There are considerable and concerning implications for our understanding of financial regulation and regulatory knowledge. In particular, wariness about market-based models and quantitative modelling seems justified. Just as market participants employ technical models and information systems, so do regulators. The technical models and information systems may be capable of aggregating, manipulating and summarizing huge amounts of data. Yet of course, all systems are critically reliant on the assumptions embedded in them, as well as on the quality of data inputs and the possibilities for interpreting the outputs. Generalizing from Carruthers and Kim (2011), we can say that the possibilities for interpretation are mediated by
- (a) regulators' policy assumptions, defining the field of interpretive possibilities;
- (b) their conceptual maps (means of interpretation); and
- (c) their social distance from the points of production of the data.
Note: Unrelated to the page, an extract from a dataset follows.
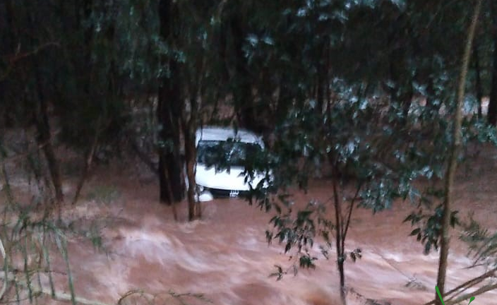 Ao passar por uma ponte, o carro foi arrastado pela correnteza e caiu no rio, causando perda total. Os dois homens foram resgatados por moradores das proximidades e permaneceram no local até a chegada da PM.

The less distant interpreters are, the better their ability to understand how the data was generated in practice and hence what it could mean. Taking a critical stance, Carruthers and Kim (op cit) link deregulation as a policy stance, 'market fundamentalism' as a corresponding mentality, and the replacement of local (direct, social, face-to-face networks) by global, large-scale and complex human-technical systems. Such a critique suggests how regulators' pre-crisis entrancement with data and models could give them only an illusion of analytical power.
At first glance, 'anti-model' critiques might be taken to support the move away from the pre-crisis reliance on models and data and, thus implicitly or indirectly, to offer support to (or at least not to undermine) the emergent judgement-based approach in financial market regulation. If we are to take seriously the proposition that tools and techniques can initially be performative (up to a point, because they induce collective behaviour), and subsequently counter-performative (when widespread adoption shifts reality away from model assumptions), then we may begin to wonder what assumptions, tools and techniques are represented in 'judgement'. On the one hand, 'judgement' sounds as if it might open the door to wider diversity in regulatory analysis and decision-making. On the other hand, were judgement to coalesce around globally shared cultural assumptions and shared techniques - as it might, in a context of international regulatory networking, peer review, benchmarking and commitment to convergence - then judgement might turn out to carry considerable potential for (short-term) performativity and (eventual) counter-performativity.